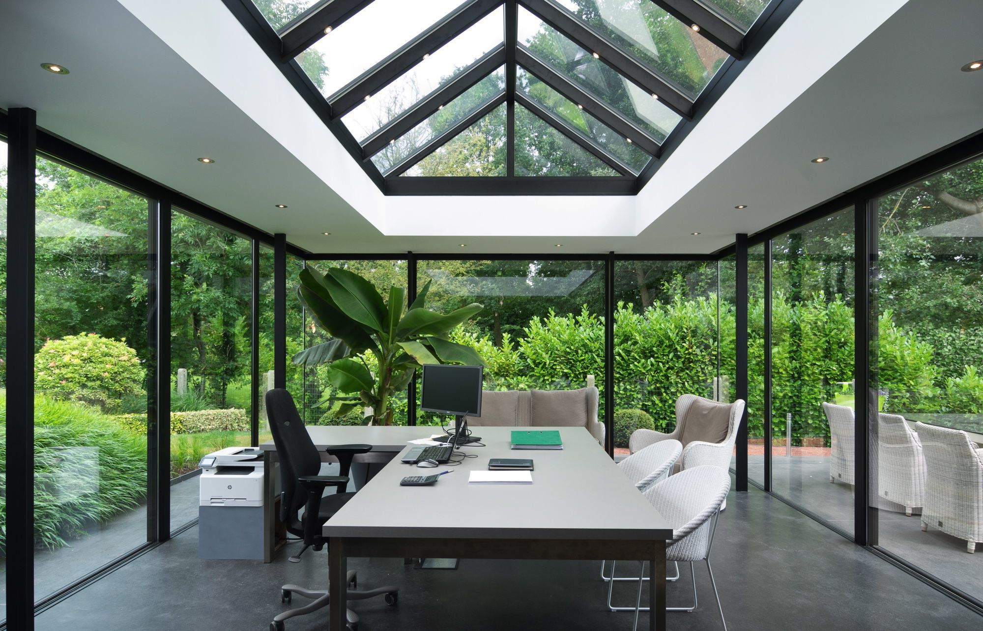 - Een tuinkantoor van aluminium en glas oogt zeer modern en laat extra veel licht binnen.
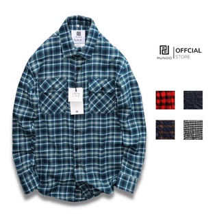 Áo sơ mi nam flannel PUNDO họa tiết kẻ sọc chất cotton dạ cao cấp ASMPD17
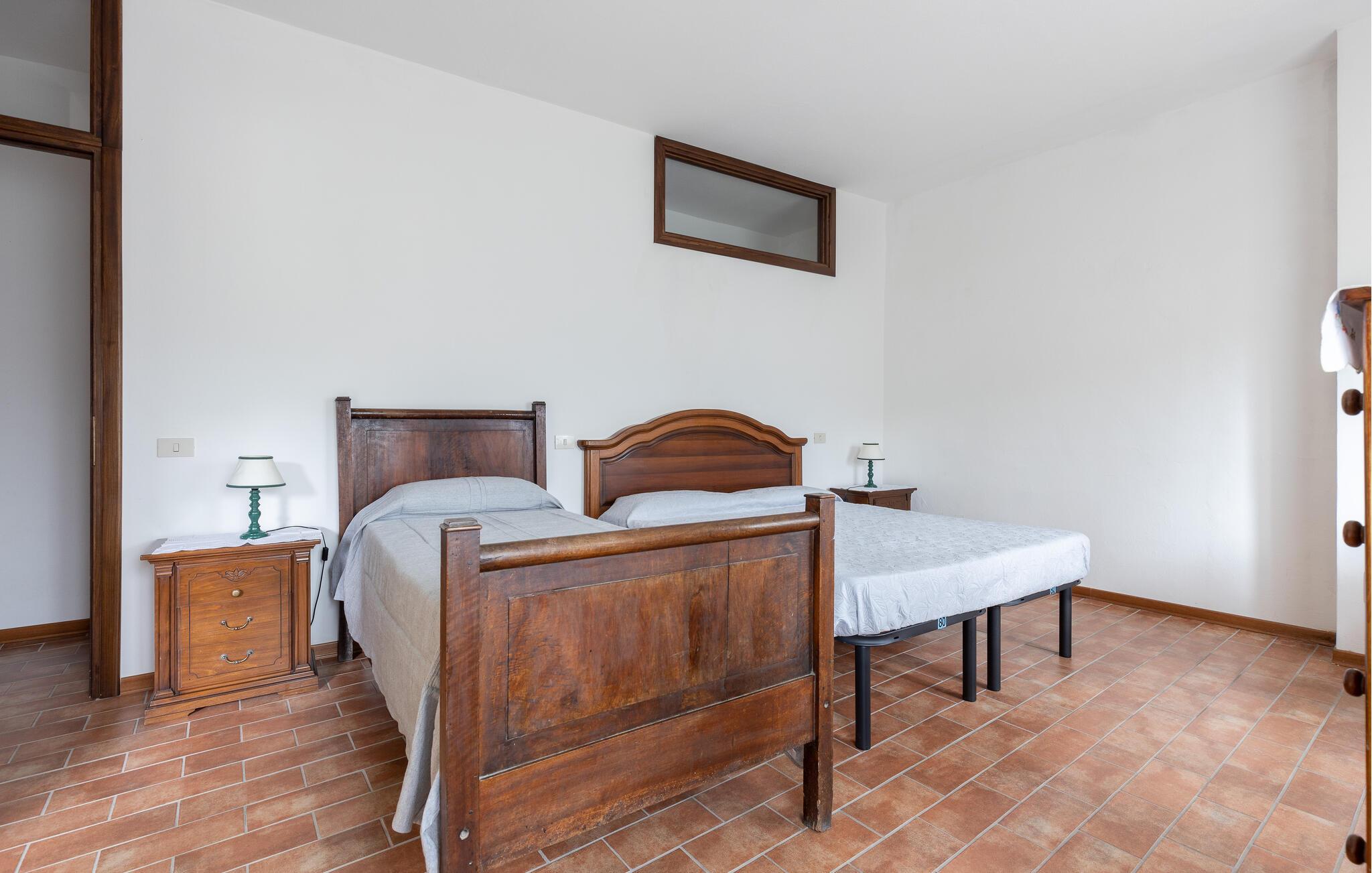 Huset strækker sig over ca. 400 kvadratmeter og tilbyder masser af plads til en afslappende ferie med mange gæster. Møblerne er traditionelle og rustikke med masser af træ og klinkegulve. Boligarealet er opdelt i 4 soveværelser, 7 badeværelser, 1 åben hems og 2 stuer samt køkken og spisestue. En anden stue med køkken er placeret i annekset. I de varme sommermåneder tilbyder den private udendørs pool vidunderlig køling. Slap af på liggestolene eller tilbring dejlige aftener på den overdækkede terrasse.
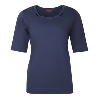 Een tijdloos shirt met een vrouwelijke touch. De opengewerkte ronde halslijn geeft dit shirt net dat beetje extra. Dankzij de zachte, elastische katoenstof zit het heerlijk comfortabel. Ideaal voor elke dag en makkelijk te matchen. Verkrijgbaar in meerdere kleuren.
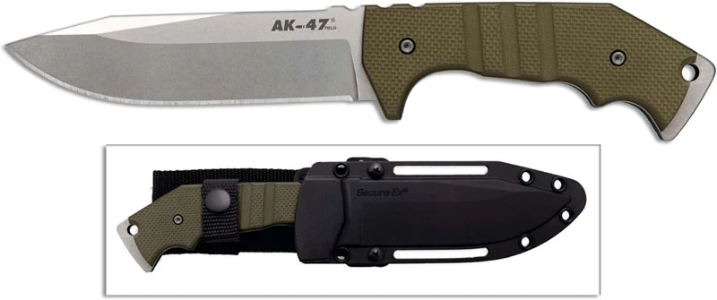 From Cold Steel: Designed by Andrew Demko, the AK-47 Field Knife is enormously sturdy. Expertly crafted from CPM3-V steel, the AK-47 Field Knife with a stonewashed finish from the tip of its beefy saber ground clip point blade through its full tang and integral steel pommel ensuring and hard wearing, super tough finish.Supplied with a versatile Secure-Ex sheath, the AK-47 Field Knife is the perfect companion for today’s modern Military personnel.
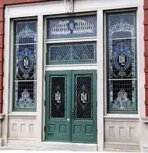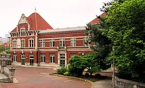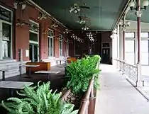 The building's most recognizable feature is its northeast corner tower, which rises three stories, and is topped by a pitched, clay-tiled roof with decorated dormers. A smaller tower rises at the end of the west wing, giving the building its chateau-like appearance. A wrap-around veranda allows access to the main floor on the south side of the building. The north side of the west wing originally included frosted glass doors and glazed transoms, which have been restored. Due to the construction of the Western Avenue Viaduct, the building's ground level lies about 10 feet (3.0 m) below Western Avenue, with a ramp providing vehicular access.[1]
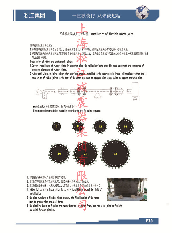 相信只要是橡膠接頭正規(guī)廠家說明書上都有關(guān)于安裝的相關(guān)頁面,百度上找不到完整的只是由于比較懶散,這里淞江集團(tuán)為大家?guī)黻P(guān)于安裝防震可曲繞橡膠接頭的安裝小細(xì)節(jié)文章說明以及圖文案例。
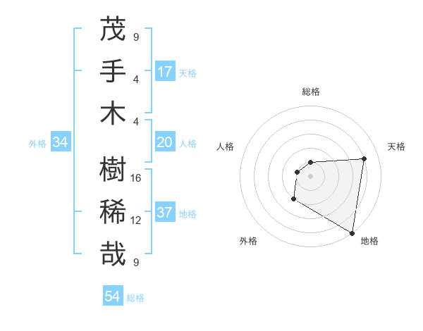 茂手木 樹稀哉さんを姓名の画数から五運を鑑定
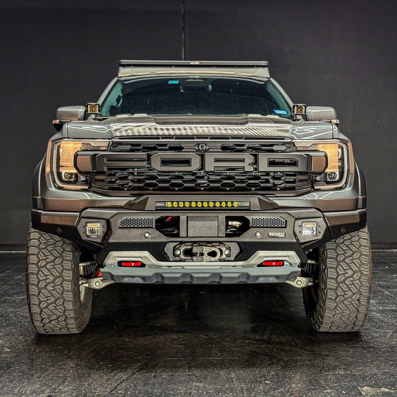 Application. This RIVAL 4x4 Full-Width Aluminum Front Bumper with Skid Plate and Winch Mount fits 2024-2026 Ford Ranger Raptor Models.
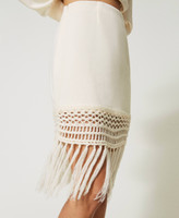 Minifalda de felpa con elástico en la cintura, cierre de cremallera, pasamanería bordada con flecos en el bajo y corte ajustado.
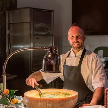 Pastagerecht bereid in een halve Parmigiano Reggiano (de kaas wordt geflambeerd en daarna wordt de pasta erin gemengd)
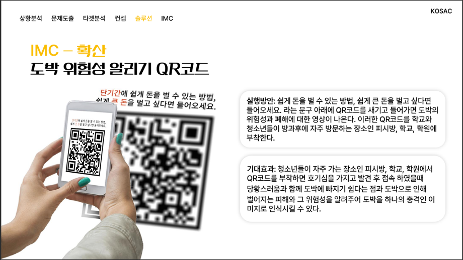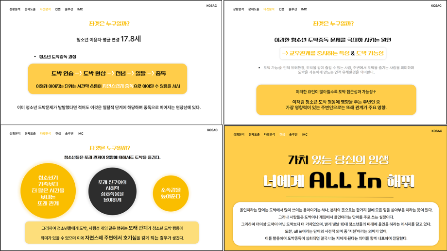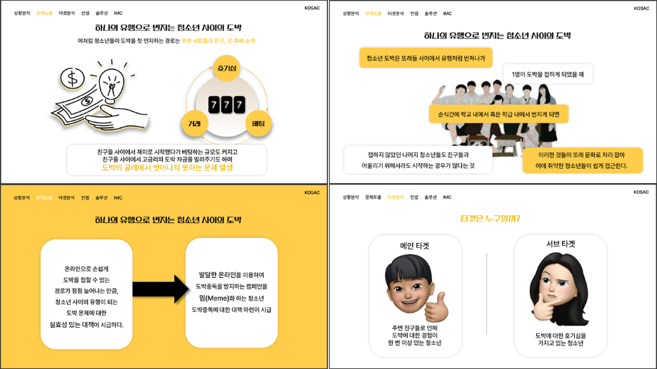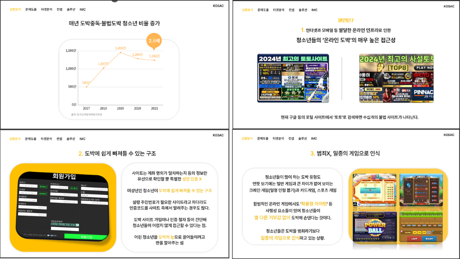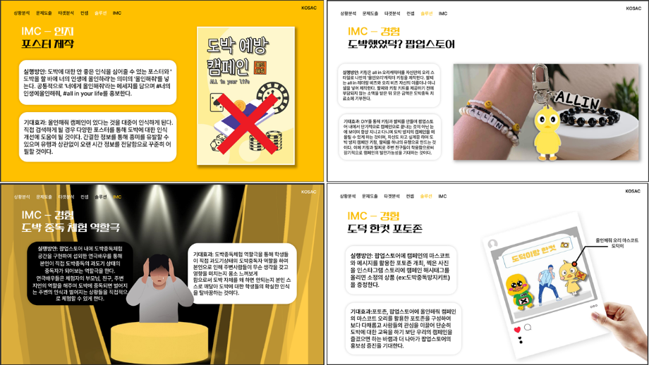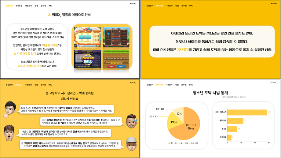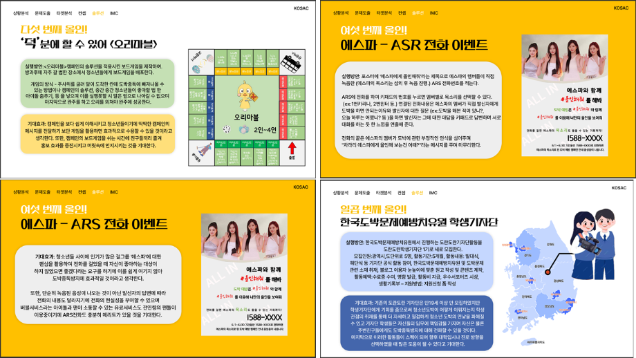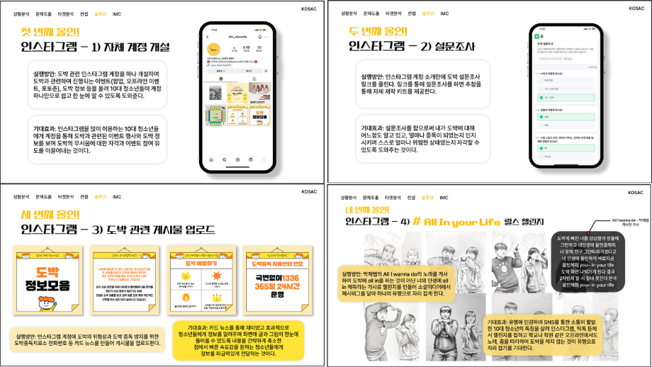 본문 시작 홈으로 흥미로운 교육과정 매력적인 학과소개 흥미로운 교육과정 특별CC프로그램 We can 취업 따뜻한 커뮤니티 홈페이지가이드 작품 갤러리 교육일정 교육과정 전공교육 체계도 졸업후진로 작품 갤러리 작품 갤러리 페이스북 트위터 프린트 [2024KOSAC]대한민국대학생광고대회 출품작 광고홍보학과 3804 2024-09-09 2024년도 대한민국 대학생 광고대회 출품작 주제 : 청소년 도박중독 방지를 위한 국민 참여 캠페인 제안서 세명대 광고홍보학과는 '기획맛집'을 지향하고, 이를 인정받고 있습니다 : ) 목록 이전[사회과학조사방법론]키오스경험인식조사 다음 [2024KOSAC]대한민국대학생광고대회 출품작
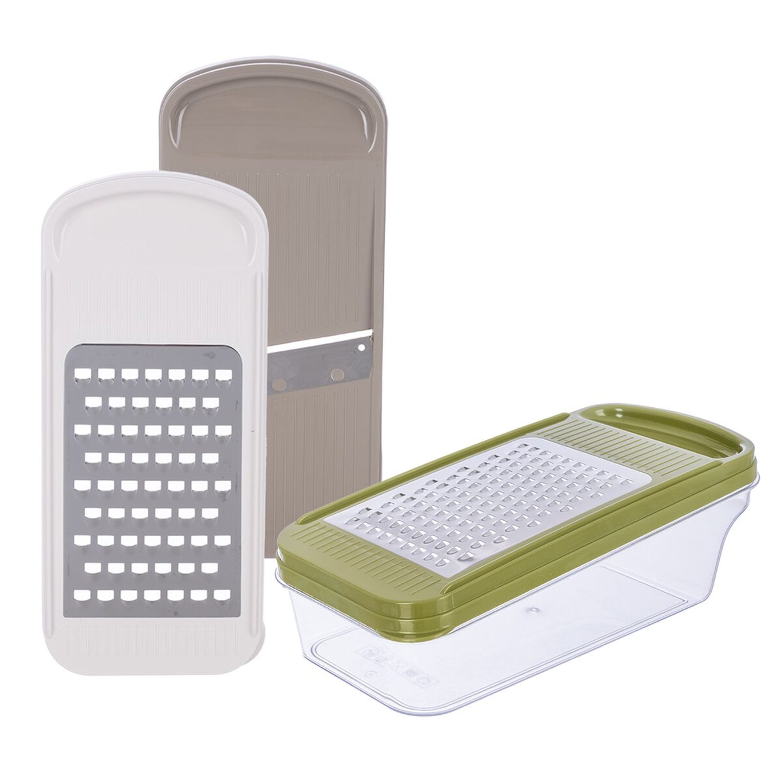 Struhadlo se zásobníkem je praktickým pomocníkem do každé kuchyně, který usnadňuje přípravu potravin. Disponuje velkou strouhací plochou, díky níž je práce rychlá a efektivní. Součástí jsou tři vyměnitelné nástavce umožňující různé druhy strouhání i krájení na plátky, takže jej lze využít pro širokou škálu surovin. Nastrouhané potraviny se shromažďují přímo v zásobníku, který lze jednoduše uzavřít víkem a uložit například do lednice, aniž by bylo nutné obsah přesypávat. Ergonomické a snadné uchycení zajišťuje pohodlnou a bezpečnou manipulaci během krájení, což oceníte při každodenním používání. Výrobek je BPA-free. Materiál: plast PPR (víčko) + plast PS (zásobník) + plast ABS (nástavce) + nerezová ocel. Rozměry: 24x11x10 cm. Lze mýt v myčce.
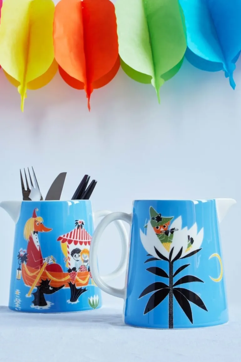 Arabias karaff Vänskap är prydd med ett underbart tryck mot en blå bakgrund. Mumins Vänskap-kollektion har försetts med illustrationer från Tove Janssons sagobok Vem ska trösta Knyttet?, där den ensamme Knyttet efter många spännande äventyr så äntligen får en riktig vän. Den keramiska karaffens volym är 1 liter och den har ett vitt handtag och vit pip.

────────────────────────────────────────

• [ACTION ITEM]
Give all the records again, exactly, without images.

• [ANSWER BOX]
 - Een tuinkantoor van aluminium en glas oogt zeer modern en laat extra veel licht binnen.
 Áo sơ mi nam flannel PUNDO họa tiết kẻ sọc chất cotton dạ cao cấp ASMPD17
 Huset strækker sig over ca. 400 kvadratmeter og tilbyder masser af plads til en afslappende ferie med mange gæster. Møblerne er traditionelle og rustikke med masser af træ og klinkegulve. Boligarealet er opdelt i 4 soveværelser, 7 badeværelser, 1 åben hems og 2 stuer samt køkken og spisestue. En anden stue med køkken er placeret i annekset. I de varme sommermåneder tilbyder den private udendørs pool vidunderlig køling. Slap af på liggestolene eller tilbring dejlige aftener på den overdækkede terrasse.
 Een tijdloos shirt met een vrouwelijke touch. De opengewerkte ronde halslijn geeft dit shirt net dat beetje extra. Dankzij de zachte, elastische katoenstof zit het heerlijk comfortabel. Ideaal voor elke dag en makkelijk te matchen. Verkrijgbaar in meerdere kleuren.
 From Cold Steel: Designed by Andrew Demko, the AK-47 Field Knife is enormously sturdy. Expertly crafted from CPM3-V steel, the AK-47 Field Knife with a stonewashed finish from the tip of its beefy saber ground clip point blade through its full tang and integral steel pommel ensuring and hard wearing, super tough finish.Supplied with a versatile Secure-Ex sheath, the AK-47 Field Knife is the perfect companion for today’s modern Military personnel.
 The building's most recognizable feature is its northeast corner tower, which rises three stories, and is topped by a pitched, clay-tiled roof with decorated dormers. A smaller tower rises at the end of the west wing, giving the building its chateau-like appearance. A wrap-around veranda allows access to the main floor on the south side of the building. The north side of the west wing originally included frosted glass doors and glazed transoms, which have been restored. Due to the construction of the Western Avenue Viaduct, the building's ground level lies about 10 feet (3.0 m) below Western Avenue, with a ramp providing vehicular access.[1]
 相信只要是橡膠接頭正規(guī)廠家說明書上都有關(guān)于安裝的相關(guān)頁面,百度上找不到完整的只是由于比較懶散,這里淞江集團(tuán)為大家?guī)黻P(guān)于安裝防震可曲繞橡膠接頭的安裝小細(xì)節(jié)文章說明以及圖文案例。
 茂手木 樹稀哉さんを姓名の画数から五運を鑑定
 Application. This RIVAL 4x4 Full-Width Aluminum Front Bumper with Skid Plate and Winch Mount fits 2024-2026 Ford Ranger Raptor Models.
 Minifalda de felpa con elástico en la cintura, cierre de cremallera, pasamanería bordada con flecos en el bajo y corte ajustado.
 Pastagerecht bereid in een halve Parmigiano Reggiano (de kaas wordt geflambeerd en daarna wordt de pasta erin gemengd)
 본문 시작 홈으로 흥미로운 교육과정 매력적인 학과소개 흥미로운 교육과정 특별CC프로그램 We can 취업 따뜻한 커뮤니티 홈페이지가이드 작품 갤러리 교육일정 교육과정 전공교육 체계도 졸업후진로 작품 갤러리 작품 갤러리 페이스북 트위터 프린트 [2024KOSAC]대한민국대학생광고대회 출품작 광고홍보학과 3804 2024-09-09 2024년도 대한민국 대학생 광고대회 출품작 주제 : 청소년 도박중독 방지를 위한 국민 참여 캠페인 제안서 세명대 광고홍보학과는 '기획맛집'을 지향하고, 이를 인정받고 있습니다 : ) 목록 이전[사회과학조사방법론]키오스경험인식조사 다음 [2024KOSAC]대한민국대학생광고대회 출품작
 Struhadlo se zásobníkem je praktickým pomocníkem do každé kuchyně, který usnadňuje přípravu potravin. Disponuje velkou strouhací plochou, díky níž je práce rychlá a efektivní. Součástí jsou tři vyměnitelné nástavce umožňující různé druhy strouhání i krájení na plátky, takže jej lze využít pro širokou škálu surovin. Nastrouhané potraviny se shromažďují přímo v zásobníku, který lze jednoduše uzavřít víkem a uložit například do lednice, aniž by bylo nutné obsah přesypávat. Ergonomické a snadné uchycení zajišťuje pohodlnou a bezpečnou manipulaci během krájení, což oceníte při každodenním používání. Výrobek je BPA-free. Materiál: plast PPR (víčko) + plast PS (zásobník) + plast ABS (nástavce) + nerezová ocel. Rozměry: 24x11x10 cm. Lze mýt v myčce.
 Arabias karaff Vänskap är prydd med ett underbart tryck mot en blå bakgrund. Mumins Vänskap-kollektion har försetts med illustrationer från Tove Janssons sagobok Vem ska trösta Knyttet?, där den ensamme Knyttet efter många spännande äventyr så äntligen får en riktig vän. Den keramiska karaffens volym är 1 liter och den har ett vitt handtag och vit pip.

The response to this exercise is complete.